What I still find amazing is that so many people involved in these organisations genuinely seem to think that keeping the public informed about what is going on isn’t a very good idea. There is a sort of culture of we know best, as though public savants have forgotten that that is what they are, paid to serve the public and elected representatives, elected to represent the public.

Now for the most part here in Ramsgate local government is carried out from offices in Margate by council officers and a working local Conservative majority and very few of the individuals concerned have any real up to date understanding of Ramsgate and its problems.

Twice in the last week, for instance I have been told by people supposedly governing us to put a particular problem to Ramsgate Town Partnership, an organisation that doesn’t exist any more.

Other people in Ramsgate have at different times tried to get some sort of realistic representation for the town at local government level, various organisations have been formed in the town, but seem to be pretty much ignored, collectively or individually.

The people of Ramsgate even went to the extent of voting to pay extra money for a town council and my impression is that this was done mainly so that there was an elected body to represent Ramsgate’s interests.

Now I am getting an increasing amount of information from people involved in this to the effect that this organisation is both ignored and sidelined by the district council.

I think the problem here is that the district council works entirely to a series of rules, these rules seem to have very little to do with the wishes of the local community, or for that matter even basic common sense.

A prime example of this is the attitude relating to the Pleasurama flood risk assessment, it is no good saying to either council officers or cabinet members that even the experts at the environment agency say that there is a likelihood that the thousand or more people in the new development may be killed or injured when there is a mixture of a high tide and a storm.

The only answer you get is that all of the rules have been adhered to and the council’s consent to build a potentially dangerous design is valid because of this.

However this then raises the difficult problem of just what does one do when it is obvious that the council are doing something wrong, stupid or even dangerous?

None of the checks and balances seem to be particularly effective, freedom of information legislation seems to only really result in the council releasing such information as they wish to, it may be that eventually after pursuing a request for a document that they don’t with to release that eventually one gets it. I made a request for one such document back in October and it is still going through the various processes.

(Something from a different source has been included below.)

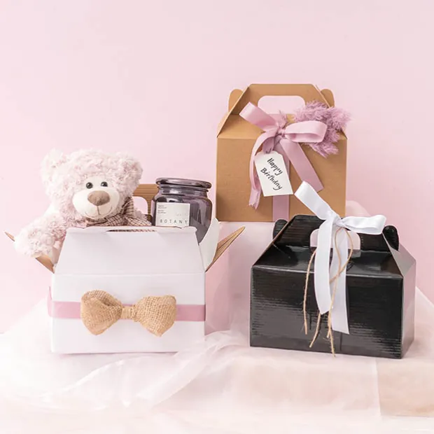 Can be used for sweet or savoury fresh food, canned/dry goods or other gifts. When using with patisserie food, please use with Food Grade shred or paper. If using with greasy or oily food, please use wax proof paper and/or aluminium foil along the base. Do not let hot or greasy goods stand inside for extended periods as it is a cardboard box designed for transport and short display.

Same with the complaints procedure I made one of these back in November and am still awaiting a result, I have to admit that once in the past I went all the way through the complaints procedure and managed to successfully get the environment agency’s report saying that the Pleasurama development needed a flood risk assessment to be safe.

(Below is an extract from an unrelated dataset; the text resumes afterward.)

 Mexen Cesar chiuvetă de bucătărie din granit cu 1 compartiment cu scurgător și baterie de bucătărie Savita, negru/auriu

Of course even after all of this no one can actually enforce this, so my time all of the officers time, the ombudsman’s time, the environment officer’s time and all of the associated money was, I suppose I have to admit, wasted.

One similar such problem came up today and this was from residents of Granville marina, this is the group of residences that are under the Victorian viaduct something that I have tried to get a weight limit imposed on. I understand that a heavy construction vehicle involved in the continuing renovation work on 1 Granville Marina went along this viaduct this week causing the whole structure to vibrate and alarming the people living in it considerably.

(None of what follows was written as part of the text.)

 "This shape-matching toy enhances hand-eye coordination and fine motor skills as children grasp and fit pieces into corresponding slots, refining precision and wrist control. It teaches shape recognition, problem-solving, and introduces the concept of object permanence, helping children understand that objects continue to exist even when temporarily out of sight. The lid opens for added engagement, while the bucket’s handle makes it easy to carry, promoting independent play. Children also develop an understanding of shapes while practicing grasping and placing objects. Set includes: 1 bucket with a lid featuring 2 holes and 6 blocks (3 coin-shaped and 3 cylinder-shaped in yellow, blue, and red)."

Asking the driver about the weight of the vehicle involved, the answer was unladen 22 tons laden you just wouldn’t want to know.

This raises the difficult question, what does one do about this sort of thing? Waiting until it collapses and saying, I told you so seems to be about the only option, has anyone got any other ideas?

Oh well some pictures from the last couple of days, see http://www.michaelsbookshop.com/710/id5.htm and the one above of the beach hut isolated, half way up the harbour wall also above, I thought it looke even funnier taken from the distance.

Tuesday, 20 July 2010

New Beach Hut for Ramsgate

As I suppose most Ramsgate residents are aware that one way or another every last beach hut has been removed from Ramsgate.

Now one has appeared on the east pier facing away from the sea, let me be quite clear here, this isn’t some sort of security hut but one of the standard fairly flimsy beach huts the same as the ones put on pretty much all of the other Thanet beaches apart from the three in Ramsgate.

I am sure someone will suggest that I photoshopped it but no it is really there, click on the picture to enlarge it, it doesn’t look strong enough to survive very long there, so best take the opportunity to observe this particular folly while it is still there.

Arsenic Cyanide and the usual chemical cocktail for Ramsgate again

Once again someone is digging around in the contaminated part of the old Ramsgate Gasworks, I am not sure who or why.

I contacted the councils contaminated land department to ask them what was going on, but this was news to them too.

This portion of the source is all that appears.